Items listed in a dataset:
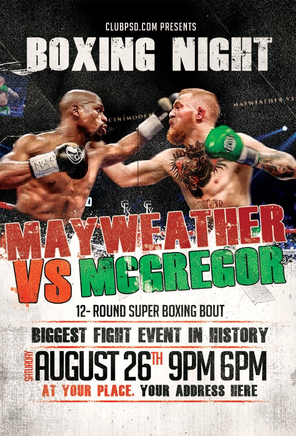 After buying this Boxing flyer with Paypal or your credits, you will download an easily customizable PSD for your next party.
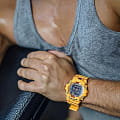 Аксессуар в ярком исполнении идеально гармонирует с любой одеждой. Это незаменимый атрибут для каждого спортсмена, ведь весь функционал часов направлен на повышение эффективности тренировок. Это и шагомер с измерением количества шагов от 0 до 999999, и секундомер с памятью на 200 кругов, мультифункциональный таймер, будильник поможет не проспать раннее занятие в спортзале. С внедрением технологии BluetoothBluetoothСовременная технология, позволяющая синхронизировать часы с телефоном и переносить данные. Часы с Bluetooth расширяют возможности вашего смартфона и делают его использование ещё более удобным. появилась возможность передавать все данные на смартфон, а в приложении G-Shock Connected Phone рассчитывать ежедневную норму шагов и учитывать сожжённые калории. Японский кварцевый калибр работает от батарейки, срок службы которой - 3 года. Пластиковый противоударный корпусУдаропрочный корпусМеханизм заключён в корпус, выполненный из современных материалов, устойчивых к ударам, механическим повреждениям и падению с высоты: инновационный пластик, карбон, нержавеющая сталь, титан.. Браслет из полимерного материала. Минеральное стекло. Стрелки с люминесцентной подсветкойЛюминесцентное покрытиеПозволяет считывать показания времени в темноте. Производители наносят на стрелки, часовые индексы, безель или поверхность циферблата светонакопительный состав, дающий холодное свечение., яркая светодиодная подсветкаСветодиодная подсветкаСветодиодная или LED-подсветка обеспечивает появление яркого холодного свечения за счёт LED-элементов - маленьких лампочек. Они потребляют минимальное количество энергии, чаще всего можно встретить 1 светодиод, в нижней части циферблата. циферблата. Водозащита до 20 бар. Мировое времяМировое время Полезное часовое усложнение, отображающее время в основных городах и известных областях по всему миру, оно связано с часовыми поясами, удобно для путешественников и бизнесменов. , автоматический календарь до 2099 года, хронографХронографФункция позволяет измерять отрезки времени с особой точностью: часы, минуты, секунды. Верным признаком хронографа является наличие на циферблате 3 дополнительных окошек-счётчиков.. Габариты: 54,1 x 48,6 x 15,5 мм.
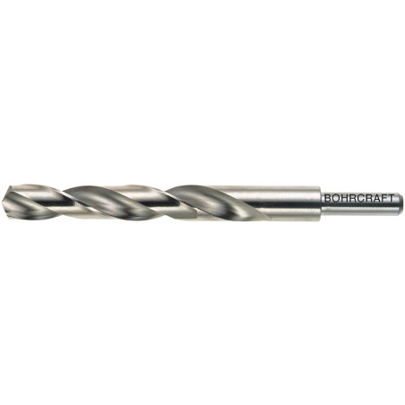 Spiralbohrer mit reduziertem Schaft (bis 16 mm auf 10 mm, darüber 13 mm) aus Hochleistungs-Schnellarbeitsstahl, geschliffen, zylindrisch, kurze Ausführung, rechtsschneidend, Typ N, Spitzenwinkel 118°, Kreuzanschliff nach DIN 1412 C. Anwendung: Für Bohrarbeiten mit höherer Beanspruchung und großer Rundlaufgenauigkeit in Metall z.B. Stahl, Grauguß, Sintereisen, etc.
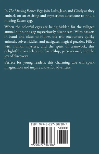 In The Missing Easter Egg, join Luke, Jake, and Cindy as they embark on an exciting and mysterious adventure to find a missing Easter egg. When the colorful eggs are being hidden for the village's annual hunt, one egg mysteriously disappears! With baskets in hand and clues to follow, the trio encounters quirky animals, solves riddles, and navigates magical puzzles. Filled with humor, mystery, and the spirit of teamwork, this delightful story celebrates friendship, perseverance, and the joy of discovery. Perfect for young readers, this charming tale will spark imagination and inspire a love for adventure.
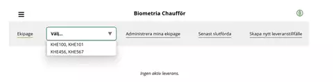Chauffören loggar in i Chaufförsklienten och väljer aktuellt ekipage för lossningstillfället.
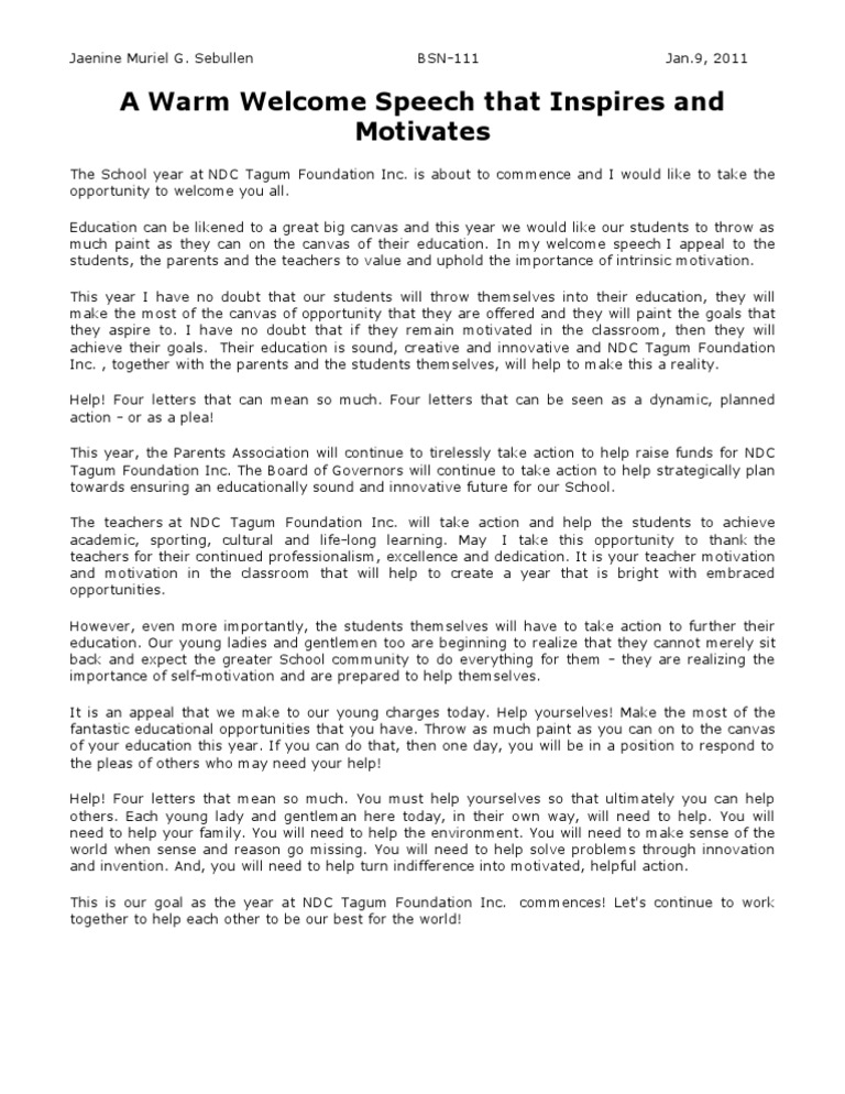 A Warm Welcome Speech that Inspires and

- _WHAT IS EXPECTED_:
Restate each line above exactly, keeping pictures out.

- _SOLUTION FOR THIS PROBLEM_:
 After buying this Boxing flyer with Paypal or your credits, you will download an easily customizable PSD for your next party.
 Аксессуар в ярком исполнении идеально гармонирует с любой одеждой. Это незаменимый атрибут для каждого спортсмена, ведь весь функционал часов направлен на повышение эффективности тренировок. Это и шагомер с измерением количества шагов от 0 до 999999, и секундомер с памятью на 200 кругов, мультифункциональный таймер, будильник поможет не проспать раннее занятие в спортзале. С внедрением технологии BluetoothBluetoothСовременная технология, позволяющая синхронизировать часы с телефоном и переносить данные. Часы с Bluetooth расширяют возможности вашего смартфона и делают его использование ещё более удобным. появилась возможность передавать все данные на смартфон, а в приложении G-Shock Connected Phone рассчитывать ежедневную норму шагов и учитывать сожжённые калории. Японский кварцевый калибр работает от батарейки, срок службы которой - 3 года. Пластиковый противоударный корпусУдаропрочный корпусМеханизм заключён в корпус, выполненный из современных материалов, устойчивых к ударам, механическим повреждениям и падению с высоты: инновационный пластик, карбон, нержавеющая сталь, титан.. Браслет из полимерного материала. Минеральное стекло. Стрелки с люминесцентной подсветкойЛюминесцентное покрытиеПозволяет считывать показания времени в темноте. Производители наносят на стрелки, часовые индексы, безель или поверхность циферблата светонакопительный состав, дающий холодное свечение., яркая светодиодная подсветкаСветодиодная подсветкаСветодиодная или LED-подсветка обеспечивает появление яркого холодного свечения за счёт LED-элементов - маленьких лампочек. Они потребляют минимальное количество энергии, чаще всего можно встретить 1 светодиод, в нижней части циферблата. циферблата. Водозащита до 20 бар. Мировое времяМировое время Полезное часовое усложнение, отображающее время в основных городах и известных областях по всему миру, оно связано с часовыми поясами, удобно для путешественников и бизнесменов. , автоматический календарь до 2099 года, хронографХронографФункция позволяет измерять отрезки времени с особой точностью: часы, минуты, секунды. Верным признаком хронографа является наличие на циферблате 3 дополнительных окошек-счётчиков.. Габариты: 54,1 x 48,6 x 15,5 мм.
 Spiralbohrer mit reduziertem Schaft (bis 16 mm auf 10 mm, darüber 13 mm) aus Hochleistungs-Schnellarbeitsstahl, geschliffen, zylindrisch, kurze Ausführung, rechtsschneidend, Typ N, Spitzenwinkel 118°, Kreuzanschliff nach DIN 1412 C. Anwendung: Für Bohrarbeiten mit höherer Beanspruchung und großer Rundlaufgenauigkeit in Metall z.B. Stahl, Grauguß, Sintereisen, etc.
 In The Missing Easter Egg, join Luke, Jake, and Cindy as they embark on an exciting and mysterious adventure to find a missing Easter egg. When the colorful eggs are being hidden for the village's annual hunt, one egg mysteriously disappears! With baskets in hand and clues to follow, the trio encounters quirky animals, solves riddles, and navigates magical puzzles. Filled with humor, mystery, and the spirit of teamwork, this delightful story celebrates friendship, perseverance, and the joy of discovery. Perfect for young readers, this charming tale will spark imagination and inspire a love for adventure.
Chauffören loggar in i Chaufförsklienten och väljer aktuellt ekipage för lossningstillfället.
 A Warm Welcome Speech that Inspires and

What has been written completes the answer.